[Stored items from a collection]
--- START ---
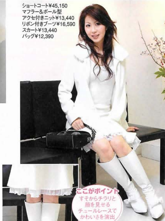
ここがポイント すそからチラリと 顔を見せる チュールレースで かわいさを演出
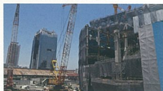
建設現場の作業連絡
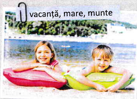
vacanță, mare, munte
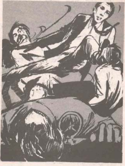
لو أن ساعة انقضت على رءوس العمالقة الأربعة فى تلك اللحظة ما كان وقعها أشد مما حدث ..

استغرقت المعركة بأسرها نصف دقيقة فقط ، حتى أن أحد السائرين فى الطريق لم تسح له الفرصة ليفعل شيئا ؛ بل تسمم معظمهم دهشة ، على حين ارتفعت بضع صرخات متفرقة من حناجر النساء ، قطعها صوت
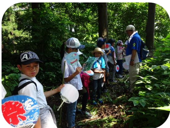
御天守山自然観察会（中山クアの道）

少子高齢社会の今、中山地区は超高齢社会を向かえ、地区民の高齢者教室への参加者は年々増えてきていますが、男性の参加者が増えていない現状です。男性に魅力ある事業を掘り起こして、参加者の増加に繋がる内容を検討、また積極的な呼びかけを行い、楽しんで頂ける様に考えていきます。
--- END ---
### PROBLEM TO WORK ON
Once the pictures are removed, set down what remains of the entries above exactly.

### ANSWER TO THIS EXERCISE
ここがポイント すそからチラリと 顔を見せる チュールレースで かわいさを演出
建設現場の作業連絡
vacanță, mare, munte
لو أن ساعة انقضت على رءوس العمالقة الأربعة فى تلك اللحظة ما كان وقعها أشد مما حدث ..

استغرقت المعركة بأسرها نصف دقيقة فقط ، حتى أن أحد السائرين فى الطريق لم تسح له الفرصة ليفعل شيئا ؛ بل تسمم معظمهم دهشة ، على حين ارتفعت بضع صرخات متفرقة من حناجر النساء ، قطعها صوت
御天守山自然観察会（中山クアの道）

少子高齢社会の今、中山地区は超高齢社会を向かえ、地区民の高齢者教室への参加者は年々増えてきていますが、男性の参加者が増えていない現状です。男性に魅力ある事業を掘り起こして、参加者の増加に繋がる内容を検討、また積極的な呼びかけを行い、楽しんで頂ける様に考えていきます。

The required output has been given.